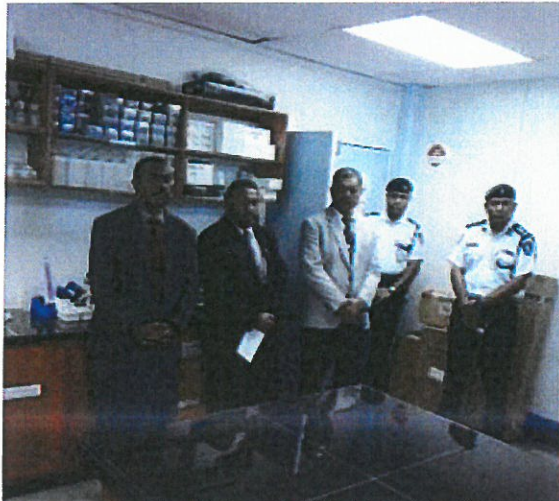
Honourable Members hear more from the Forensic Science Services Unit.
##############################
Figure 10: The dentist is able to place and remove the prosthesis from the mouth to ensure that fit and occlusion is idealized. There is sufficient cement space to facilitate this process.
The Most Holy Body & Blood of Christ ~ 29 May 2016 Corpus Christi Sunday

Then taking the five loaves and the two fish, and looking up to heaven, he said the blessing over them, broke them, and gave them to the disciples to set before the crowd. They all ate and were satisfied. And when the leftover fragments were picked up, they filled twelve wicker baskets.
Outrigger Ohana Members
##############################
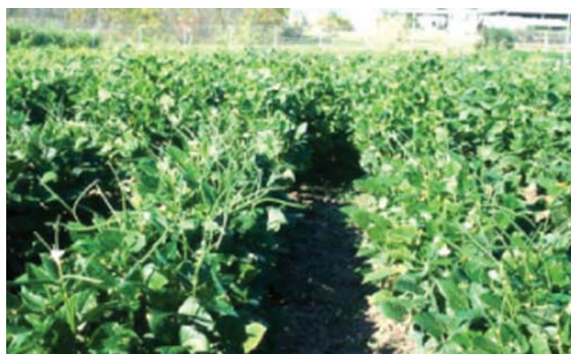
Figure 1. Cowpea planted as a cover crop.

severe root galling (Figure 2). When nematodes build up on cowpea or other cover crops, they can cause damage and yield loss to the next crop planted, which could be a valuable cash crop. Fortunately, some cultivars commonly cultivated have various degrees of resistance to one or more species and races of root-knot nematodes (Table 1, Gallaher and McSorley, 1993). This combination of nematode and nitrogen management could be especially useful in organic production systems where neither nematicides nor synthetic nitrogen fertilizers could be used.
##############################
What the exercise asks: All lines above from the line with "Then taking the" through the line with "Outrigger Ohana Members", both included, are to be set down exactly, with nothing else.

Task answer:
Then taking the five loaves and the two fish, and looking up to heaven, he said the blessing over them, broke them, and gave them to the disciples to set before the crowd. They all ate and were satisfied. And when the leftover fragments were picked up, they filled twelve wicker baskets.
Outrigger Ohana Members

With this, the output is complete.